If you subscribe to the Service, you agree that we may disclose the fact that you are our customer. While these TOS are in effect, You grant us the right to reference your company name, along with your logo, in marketing materials and on our public website until such time as your use of the Service is discontinued.



§13 Miscellaneous

  1. Governing Law. These TOS are governed and construed under the laws of Germany without reference to its conflicts of laws principles. In no event shall these TOS be subject to the United Nations Convention on Contracts for the International Sale of Goods.
  2. Place of Jurisdiction. Any disputes that cannot be amicably resolved by the parties shall be settled by the jurisdiction of the courts of Cologne (Germany).

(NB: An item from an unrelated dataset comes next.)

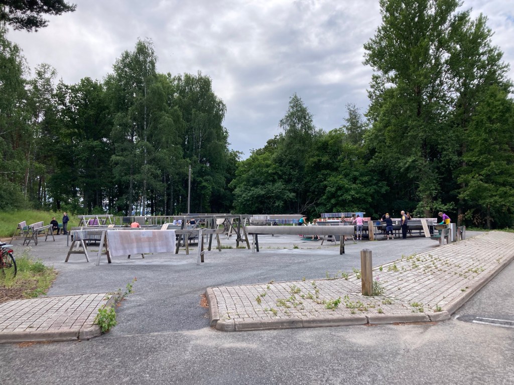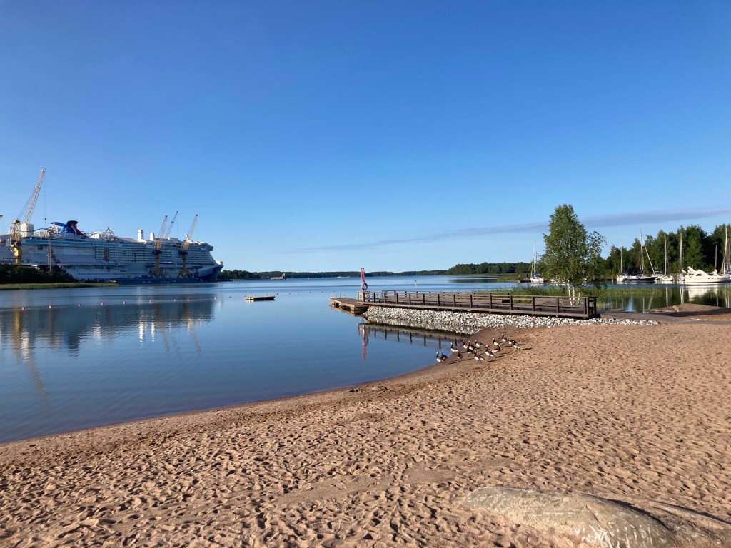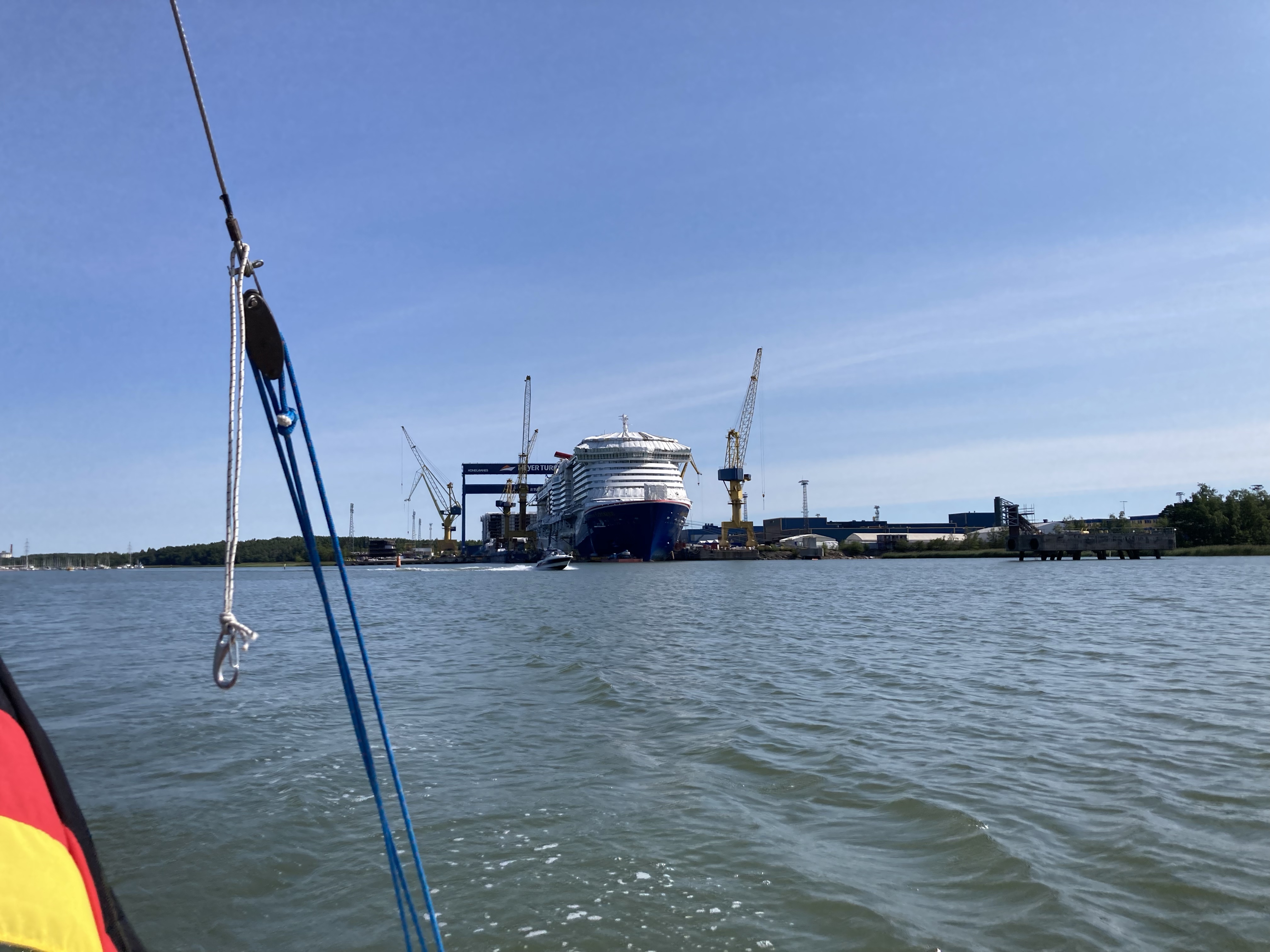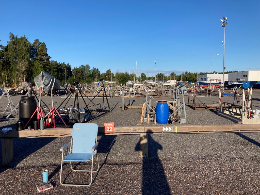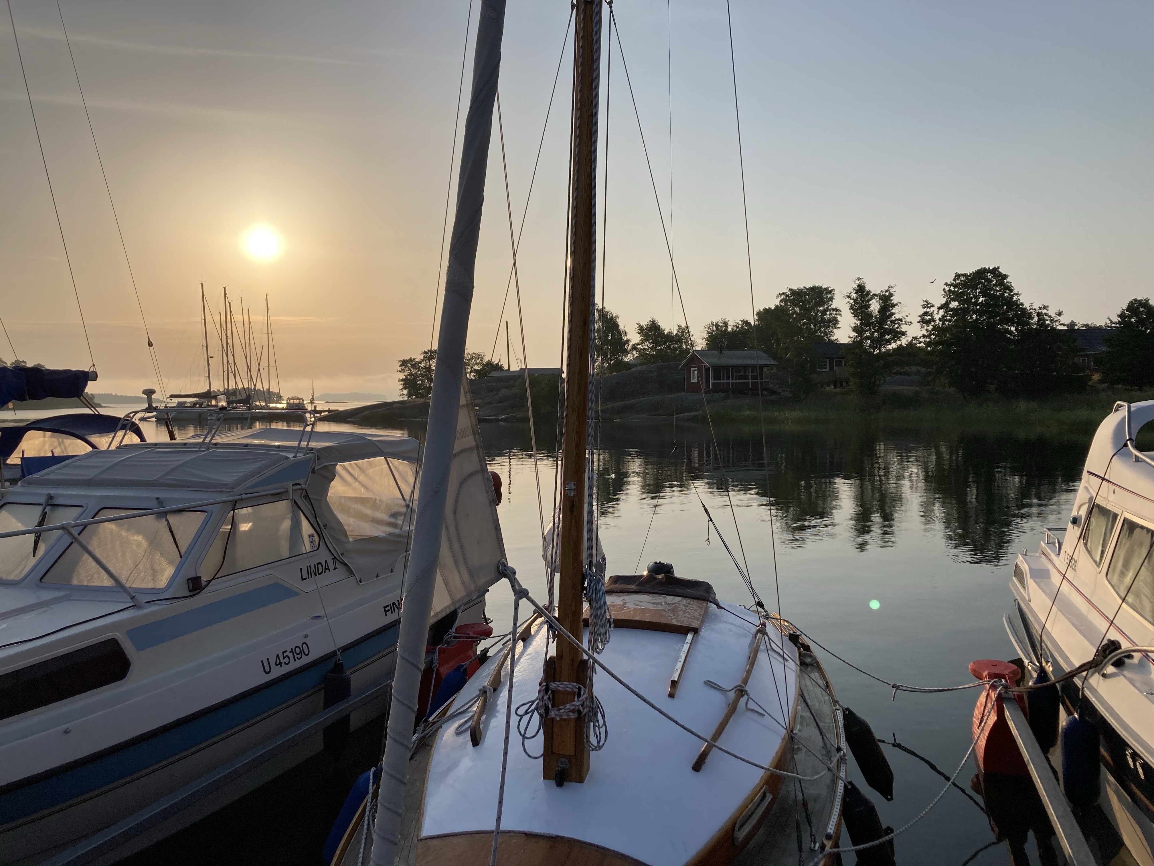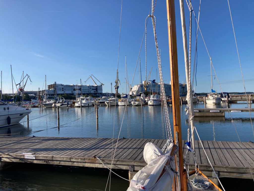 Mit der Fähre abends in Turku angekommen verlagern wir uns an den wenige Kilometer entfernten Yachthafen von Raisio – ein Hafen mit eher speziellem Charme: viel Platz für Boote im Wasser und an Land, sehr verkehrsgünstig gelegen (wer weiß, wo wir das Boot rausholen), mit Yachtausrüster, Blick auf die Meyer Werft, mit Naturwanderweg durch “typische Küstenlandschaft” vorbei an lost places (und ich sag noch: sieht aus wie in Estland, nur ohne verlassene Plattenbauten mitten im Nirgendwo – und siehe da: ein fast verlassener Plattenbau inkl. MC Howling Moons Clubgelände), einem typisch-finnisch öffentlichen Teppichwaschplatz und dem Playa del Raisio: mit Abendsonne und Morgenbaden. Einen ganzen Tag lassen wir uns Zeit, uns und “smågodis” segelklar zu machen – inkl. Einkaufstour lost in translation und drei Mal Mast setzen (einmal das Vorstag und einmal einen Zeiser oberhalb der 2. Saling vergessen – das übt ungemein). Nachmittags hat der Wind dann so zugenommen, dass wir uns gut auf einen strandnahen Gastliegeplatz einlassen mögen und faul sein dürfen: wir haben ja Zeit!

  3. Neither of us will assign its rights or obligations under these TOS without the other’s prior written consent. Any such assignment shall render this Agreement null and void.
  4. If any provision of this TOS shall be entirely or partly invalid or unenforceable, this shall not affect the validity and enforceability of all other provisions of this Agreement. The invalid or unenforceable provision shall be regarded as replaced by such valid and enforceable provision that as closely as possible reflects the economic purpose that the parties hereto had pursued with the invalid or unenforceable provision.
  5. Entire Agreement. These TOS as amended from time to time including any schedules and exhibits attached hereto and any executed order comprise the entire agreement between us with respect to the Service and supersede all prior representations, agreements and understandings, written or oral.